Bodmin Gaol, (pictured left) is purported to be haunted, it dates to 1778 and was built to replace the Debtor's Prison, which now serves as the Hole-In-The-Wall Public House. It was the first prison in the country to have separate cells and bears the further distinction of being the site of the last public hanging in Britain, which took place in 1909. A total of 55 people were hanged at the jail, of which 51 were public hangings. This was regarded as major spectator sport in the nineteenth century. Exhibits include some of the more notorious prisoners with details of their crimes.
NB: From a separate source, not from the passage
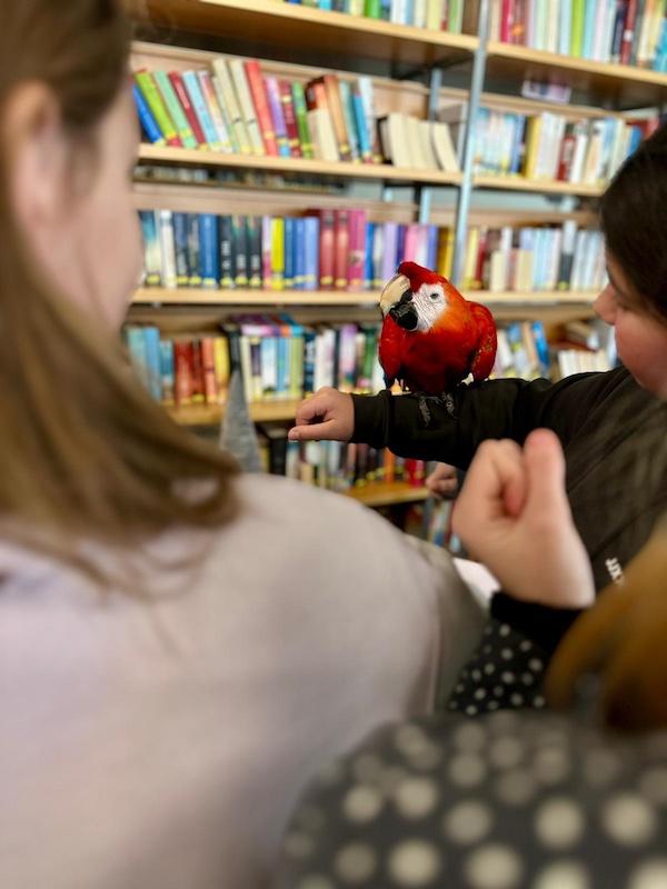 Doch damit war der Vorlesetag noch lange nicht vorbei. Frau Jovita Wehrhahn, Inhaberin der Logopädie-Praxis „Deine Logopraxis“ (https://www.deinelogopraxis.de/), brachte eine ganz besondere Lesebegleitung mit: ihren Ara, Schrägeus! Während sie den Kindern liebevoll aus einem Buch vorlas, saß der bunte Vogel auf ihrem Arm. Und das Highlight: Einige mutige Schüler:innen durften den Ara selbst auf den Arm nehmen, ihn streicheln und seine weichen Federn fühlen. Die Kinder waren sichtlich ergriffen – so ein lebendes, sprechendes Tier beim Vorlesen war für sie ein unvergesslicher Moment.
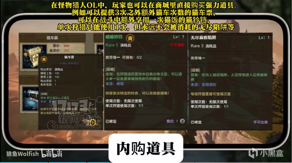 在怪物猎人OL中,玩家也可以在商城里直接购买强力道具。例如可以提供3次之外额外猫车次数的猫车票,抵挡一次致命伤害并且回复一半生命值的古龙精华,2分钟内免疫异常状态的免疫药剂,可以在战斗中额外享用一次猫饭的猫铃铛,单次狩猎只能使用1次,但永远不会被消耗的无尽陷阱等

Tours of the dungeons are available, there is also a restaurant and licensed bar on site.
The Coutroom Experience
A Victorian murder mystery which is set in the original courtrooms of Bodmin's Shire Hall where visitors play the part of the jury in the Charlotte Dymond murder trial.
In 1844 the lifeless body of local girl Charlotte Dymond was found in a ditch on the slopes of Rough Tor on Bodmin Moor, Cornwall’s highest peak. Her boyfriend, Matthew Weeks, was later tried and found guilty of her murder and was subsequently hanged at Bodmin Jail.
Considerable circumstantial evidence supported this verdict, Matthew Weeks had been observed walking with Charlotte up to the moor on the fateful day of her death and was later seen wearing muddy and torn clothes. It was also discovered that Charlotte had been having an affair with 26 year old Thomas Prout.
It is argued that Matthew Weeks was of low intelligence and this may have been exploited by the police to gain a confession to provide a scapegoat to satisfy the considerable anger that was felt locally. In addition, Week's confession was not worded in such a way as could be expected of a farm worker.
The Courtroom Experience features an interactive tour of the cells and the original courtroom which culminates in a re-enactment of the Victorian trial in which visitors are invited to decide the verdict.